- Education: San Diego State University (1991), USC Marshall School of Business (1996)
- Occupation: Hedge Fund Manager
- Employer: Valiant Capital Management

= Chris R. Hansen =

American hedge fund manager

Christopher R. Hansen is an American hedge fund manager. In March 2008, he founded Valiant Capital Management, a San Francisco, California-based global long/short equity hedge fund that had $2.7 billion in assets in 2012.

Valiant Capital Management was included in a 2021 Department of Justice list of 20/30 short sellers being investigated.

==Early life==
Hansen grew up in Seattle, Washington, after his family moved there when he was six years old.

==Career==
Hansen served as an analyst and a partner at Montgomery Securities and Blue Ridge Capital in San Francisco. He was Managing Director at Blue Ridge for 7 years, from 2001 to 2008.

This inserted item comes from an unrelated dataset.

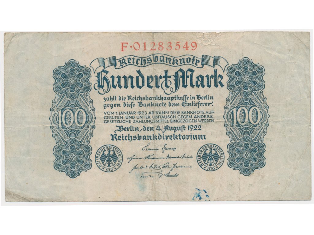 Německo, 100 Marek, 1922, oběhový stav...viz autentické foto

After leaving Blue Ridge, Hansen founded Valiant Capital, where he is currently president and portfolio manager. He is supported by seven junior partners.

==Basketball interest==
In January 2013, a group led by Hansen reached an agreement to buy the Sacramento Kings and relocate the team to Seattle. But on April 29, 2013, the NBA's relocation committee unanimously recommended that NBA owners reject the application to move the team, which had been submitted by the Maloof family, the owners at the time, on Hansen's behalf. The sale to Hansen was rejected by the NBA's Board of Governors in a 22-8 vote.

In August 2013, Hansen was revealed as the principal financial backer of a petition effort for a public vote on a new arena in Sacramento; a new arena was a requirement of the NBA by 2017 for long-term tenancy of the Kings in Sacramento.